After reviewing the JSON schema, I noticed that there are no explicit date-related properties defined. To ensure accuracy, I will add a `date` property to each type that requires it.

* `CricketMatch`: Add a `date` property with type `Date!`.
* `Over`: Add a `date` property with type `Date!`.
* `Delivery`: Add a `date` property with type `Date!`.
* `RunInfo`: No date-related properties are required.
* `Wicket`: No date-related properties are required.

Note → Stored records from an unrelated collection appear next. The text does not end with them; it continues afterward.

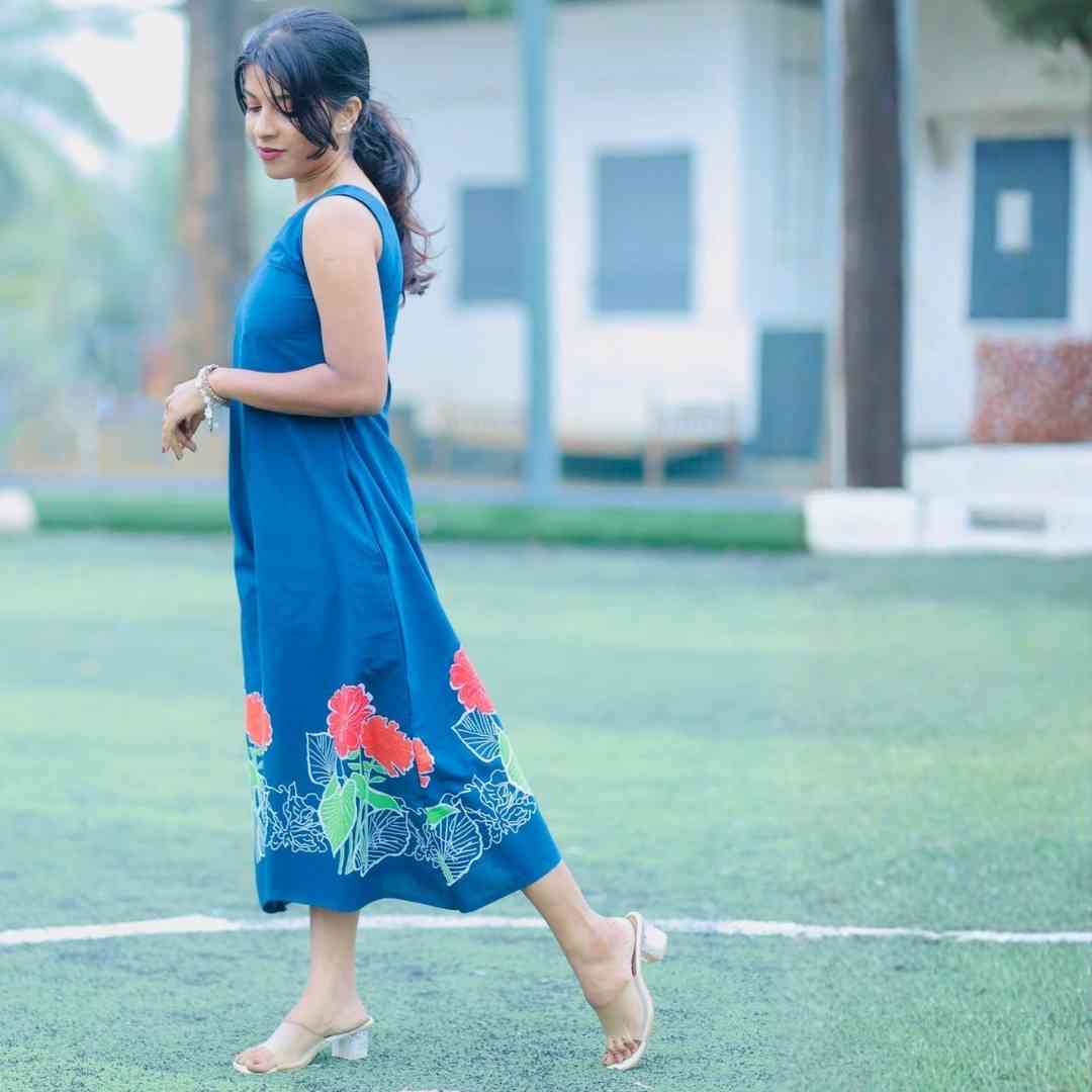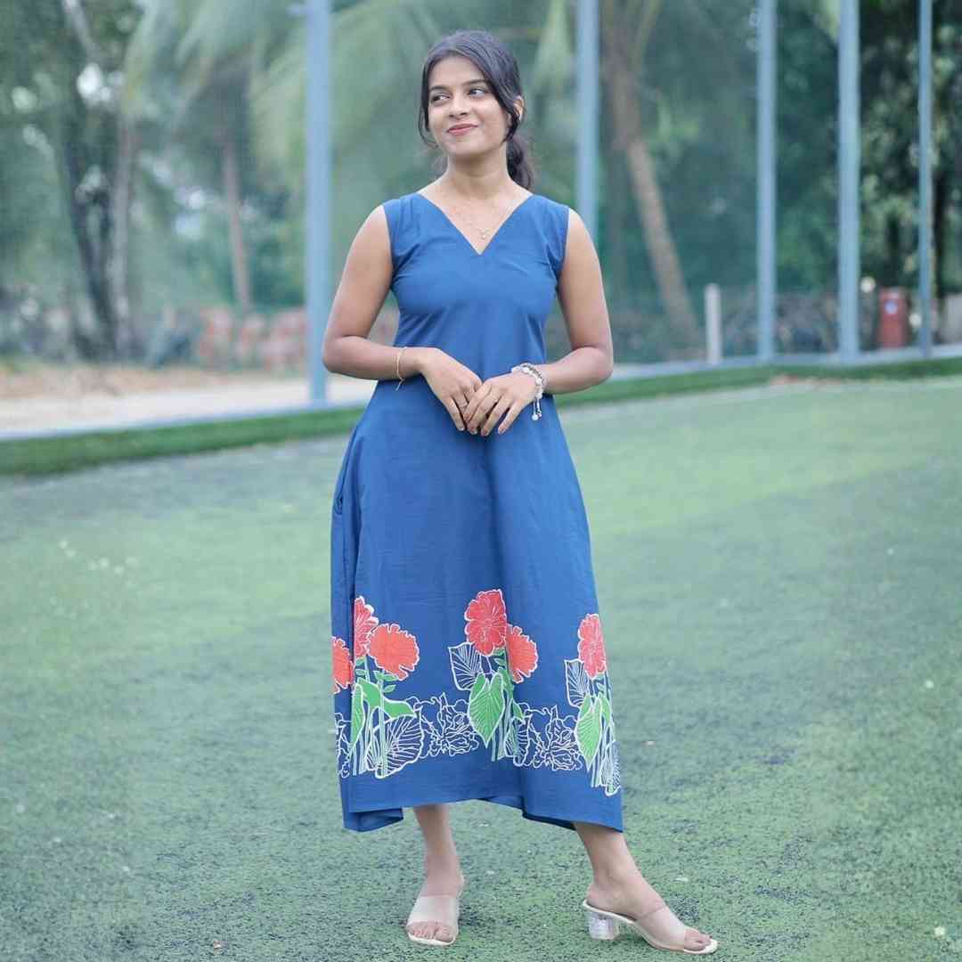 A comfortable and stylish dress with a 42-inch length, featuring a flattering V-neck design and neatly attached inside sleeves for a clean look. Comes with a functional pocket in the top and is designed without lining for a lightweight, breathable feel. Dispatched within 2–3 working days with free shipping across Kerala and international shipping available.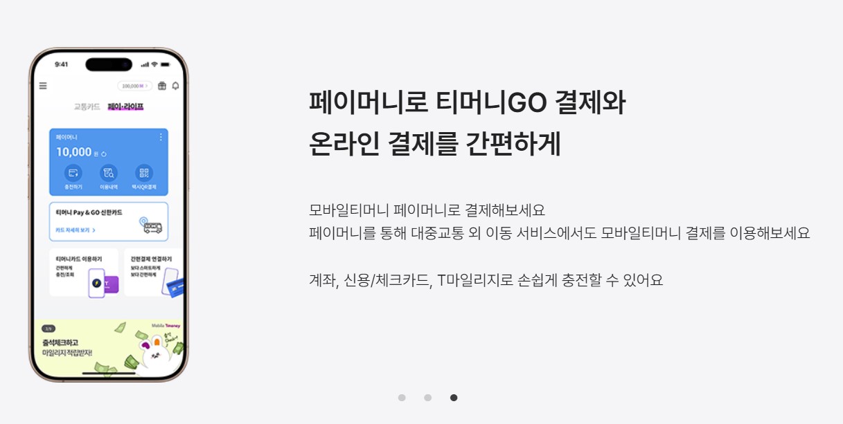 이동을 편하게 세상을 이롭게 티머니와 함께 스마트한 이동과 편리한 결제 서비스를 이용해보세요!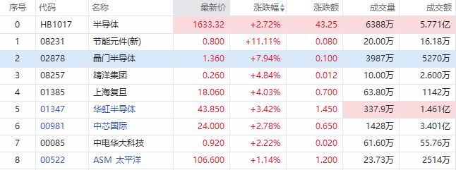 华盛资讯6月30日消息,半导体板块早盘拉升上涨,截止发稿,节能原件上涨11.11%;晶门半导体上涨7.94%;靖阳集团上涨4.84%;上海复旦上涨4.03%;华虹半导体上涨3.42%;中芯国际上涨2.78%;ASM太平洋上涨1.14%。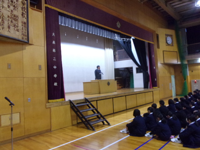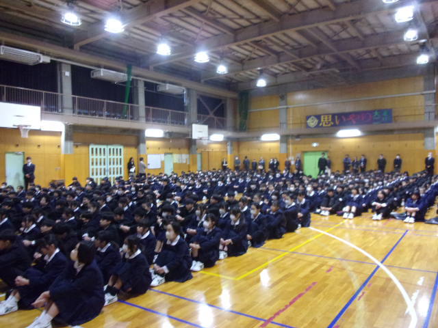 その後始業式をはさんで、お待ちかねの担任発表がありました。学校によっては、この発表がとても盛り上がる(?)ところもあるのですが、本校のばあい、生徒の反応はとっても控え目。この行儀のよさこそが二中の伝統でありよさなのでしょう。

Here's the updated GraphQL schema:
```graphql
type CricketMatch {
  overs: [Over]
  date: Date!
}

type Over {
  over: Int!
  deliveries: [Delivery]
  date: Date!
}

type Delivery {
  batter: String!
  bowler: String!
  nonStriker: String!
  runs: RunInfo!
  date: Date!
}

type RunInfo {
  batter: Int
  extras: Int
  total: Int
}

type Wicket {
  kind: String!
  playerOut: String!
}

input CricketMatchInput {
  overs: [OverInput]
}

type CricketMatchResult {
  wickets: [Wicket]
}
```
**Step 2: Check the property keys for nouns and verbs and ensure that these are updated to be types**

After reviewing the JSON schema, I noticed that some property keys are not properly defined as types. Here's the corrected GraphQL schema:

* `CricketMatch`: Update `overs` to be an array of `Over` objects.
* `Over`: Update `deliveries` to be an array of `Delivery` objects.
* `Delivery`: Update `runs` to be a `RunInfo` object.

Here's the updated GraphQL schema:
```graphql
type CricketMatch {
  overs: [Over]
}

type Over {
  over: Int!
  deliveries: [Delivery]
}

type Delivery {
  batter: String!
  bowler: String!
  nonStriker: String!
  runs: RunInfo!
}

type RunInfo {
  batter: Int
  extras: Int
  total: Int
}

type Wicket {
  kind: String!
  playerOut: String!
}

input CricketMatchInput {
  overs: [OverInput]
}

type CricketMatchResult {
  wickets: [Wicket]
}
```
The updated GraphQL schema should now accurately reflect the JSON schema.